╭─ Data extract
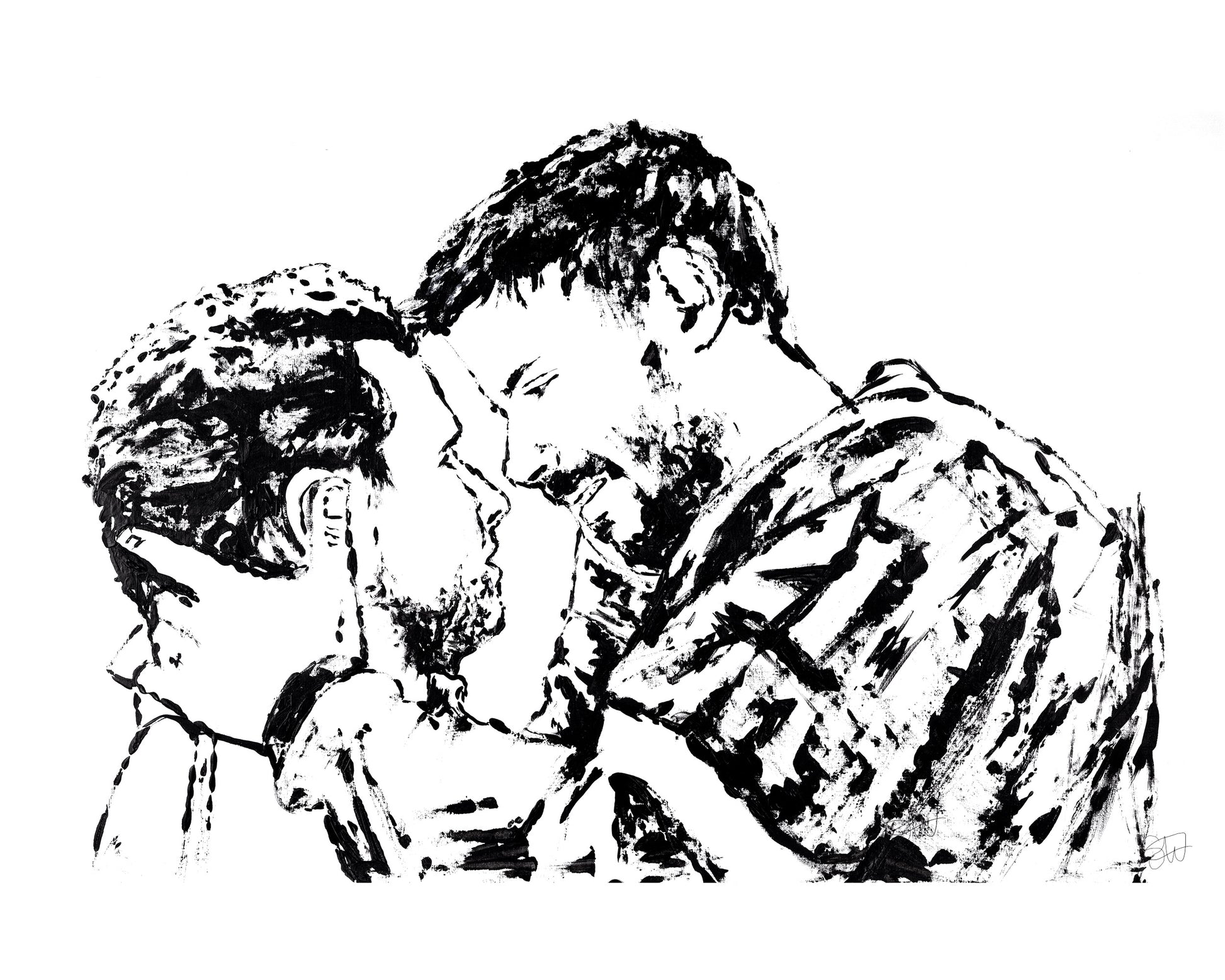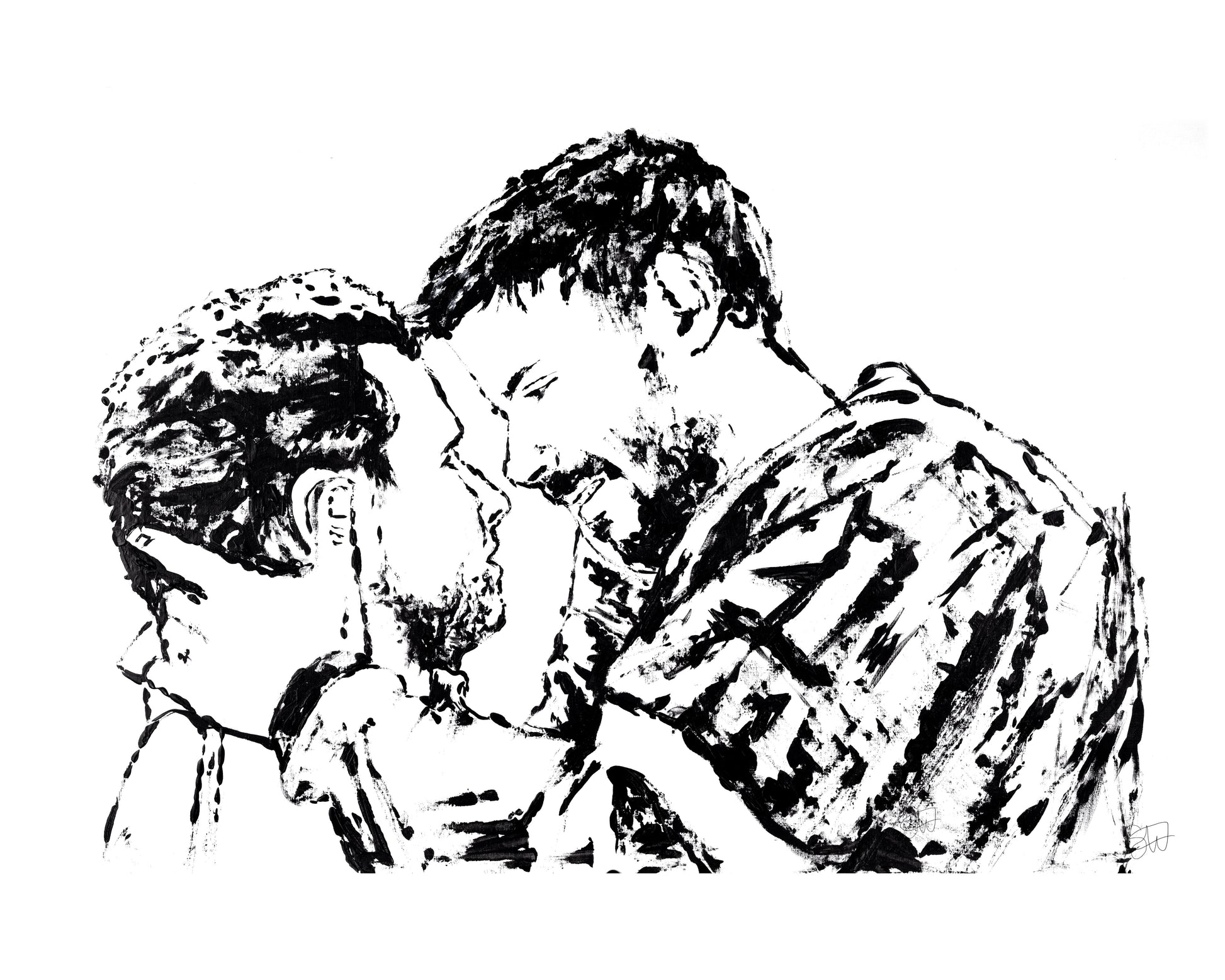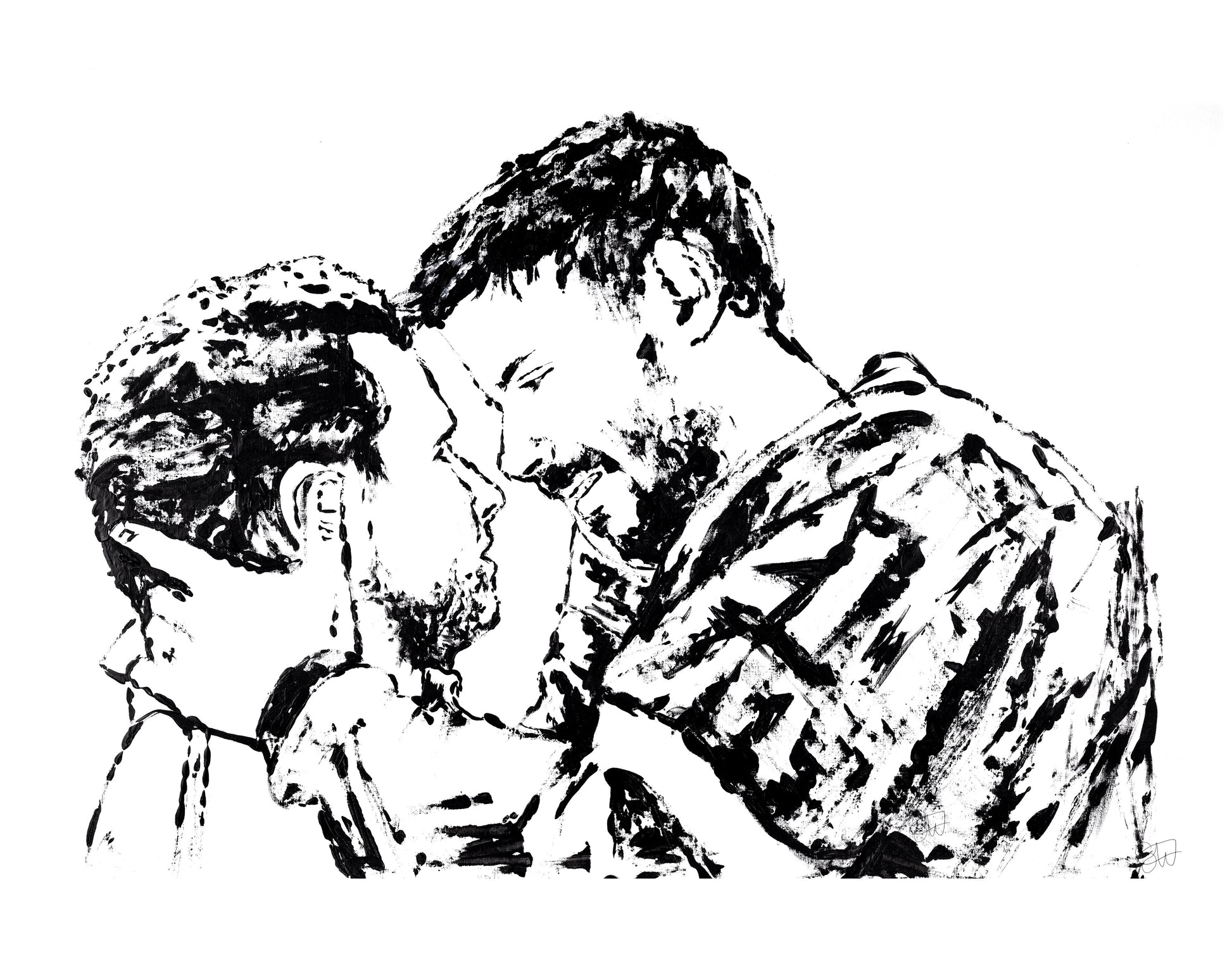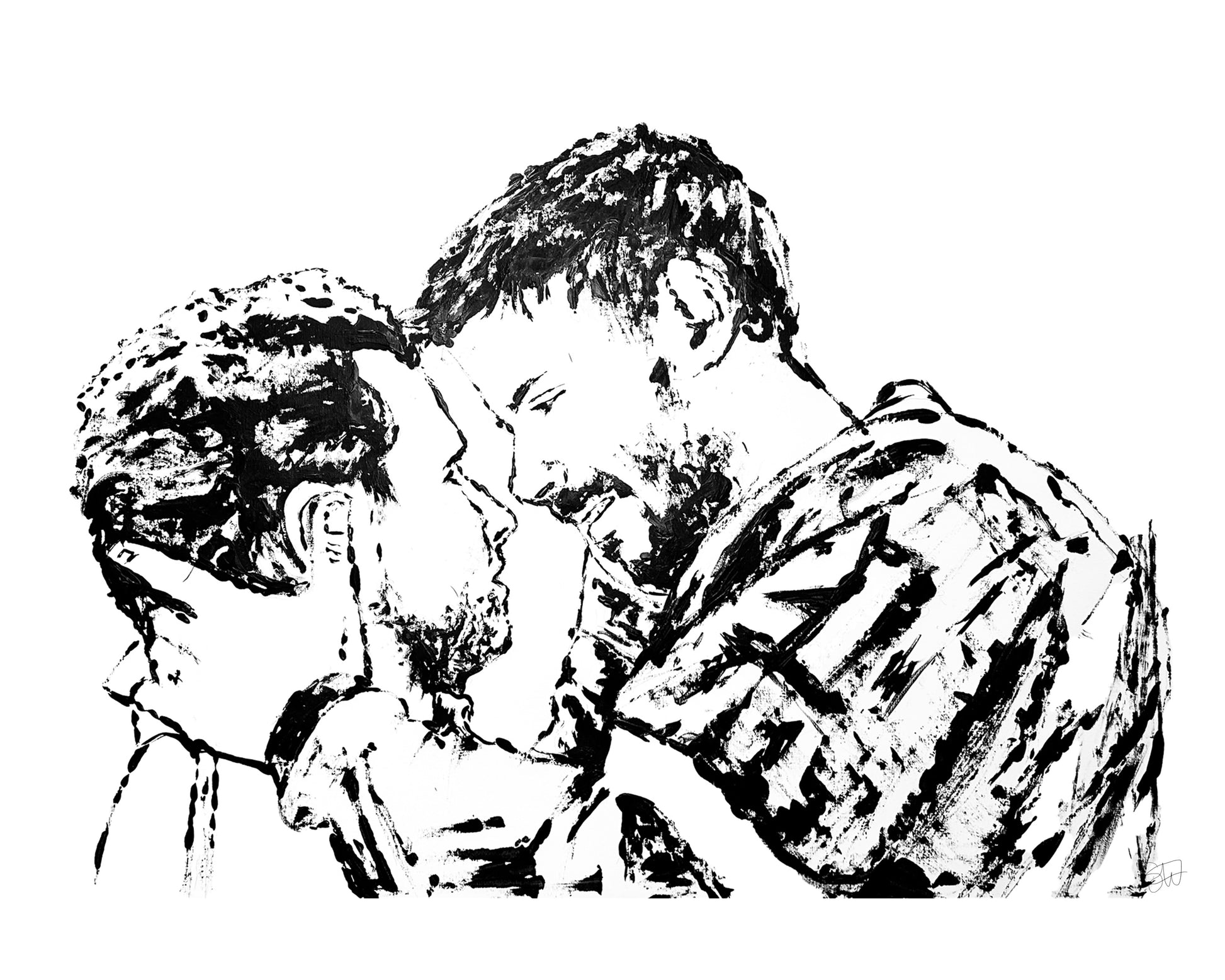Fine Art Digital Pigment Print of painting François Arnaud as Scott and Robbie G.K as Skip with hockey equipmet as a paintbrush.
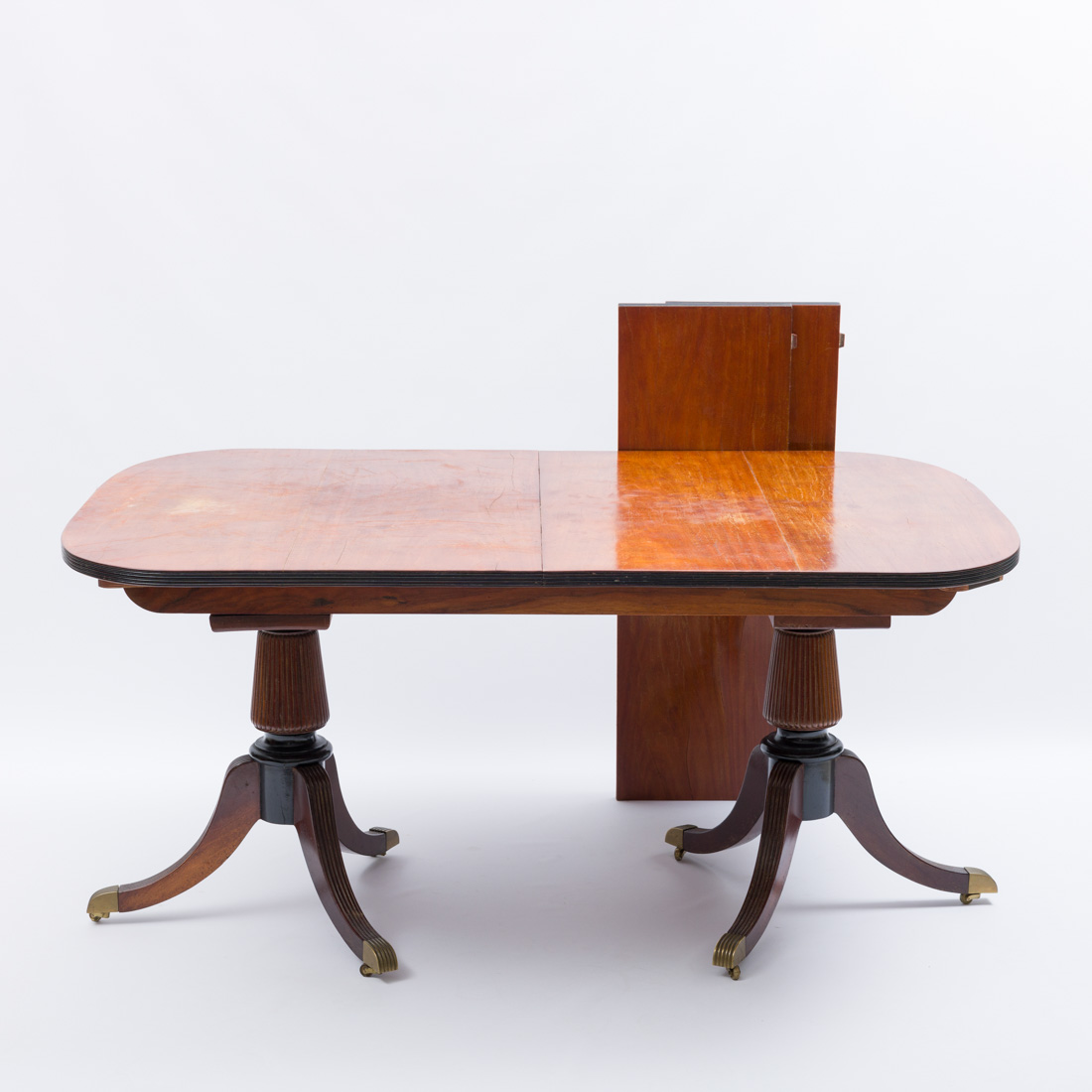 Em diferentes madeiras, de dupla coluna torneada e pés com terminais em metal amarelo e rodízios. Com duas tábuas de extensão. Sinais de uso e defeitos no tampo.
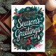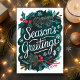 Skicka varmt önskemål med detta vackert designade årstidsbevis för Hälsning som innehåller en fyllig vattenfärgssammansättning av holly, gräs grenar och röda bär. Bakgrunden till grönten av rik och det känsliga snöflingor lägger till en tidlös beröring till detta klassiska helgdag-kort, perfekt för att sprida glädje till vänner och närstående.
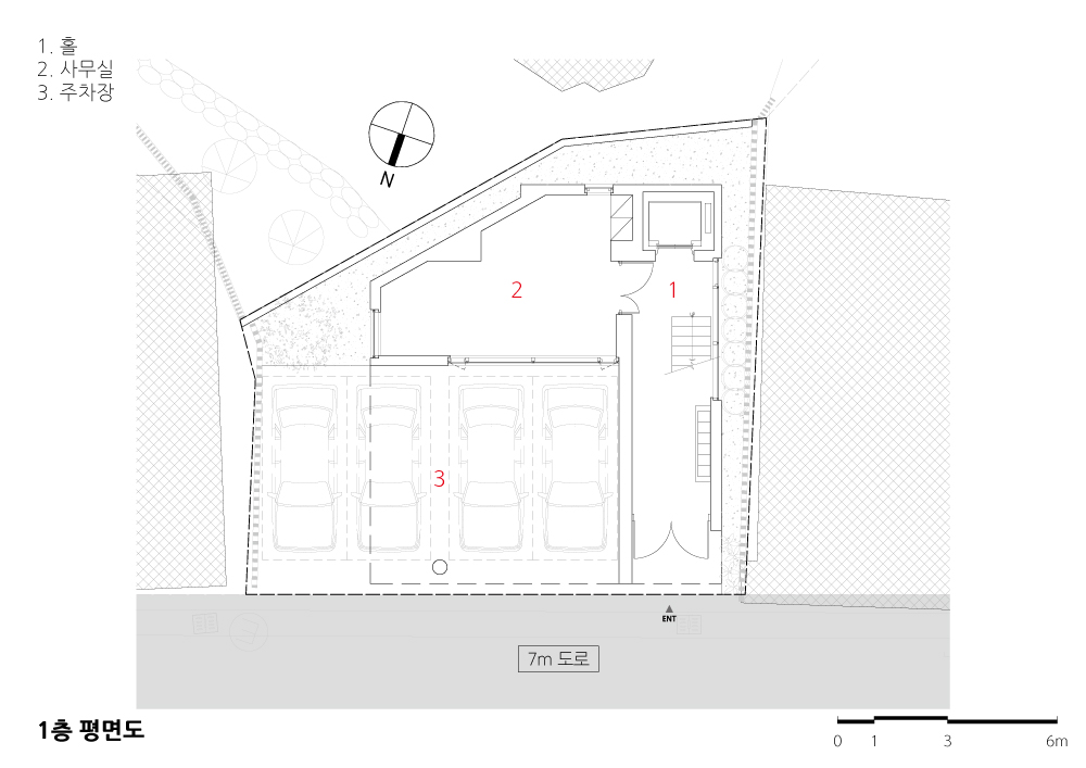 각 진입부(주출입구, 주차출입구)는 도로의 레벨차를 고려하여 자연스럽게 내부와 연결되도록 했다. 주출입구와 계단실(계단,엘리베이터)은 대지형상과 정북일조 그리고 도로레벨을 따라 최적의 위치로 결정됐다.
╰─
▸ **Task directions**: Set down all of the material above exactly as written, leaving the pictures out.

▸ **Result of this task**:
Fine Art Digital Pigment Print of painting François Arnaud as Scott and Robbie G.K as Skip with hockey equipmet as a paintbrush.
 Em diferentes madeiras, de dupla coluna torneada e pés com terminais em metal amarelo e rodízios. Com duas tábuas de extensão. Sinais de uso e defeitos no tampo.
 Skicka varmt önskemål med detta vackert designade årstidsbevis för Hälsning som innehåller en fyllig vattenfärgssammansättning av holly, gräs grenar och röda bär. Bakgrunden till grönten av rik och det känsliga snöflingor lägger till en tidlös beröring till detta klassiska helgdag-kort, perfekt för att sprida glädje till vänner och närstående.
 각 진입부(주출입구, 주차출입구)는 도로의 레벨차를 고려하여 자연스럽게 내부와 연결되도록 했다. 주출입구와 계단실(계단,엘리베이터)은 대지형상과 정북일조 그리고 도로레벨을 따라 최적의 위치로 결정됐다.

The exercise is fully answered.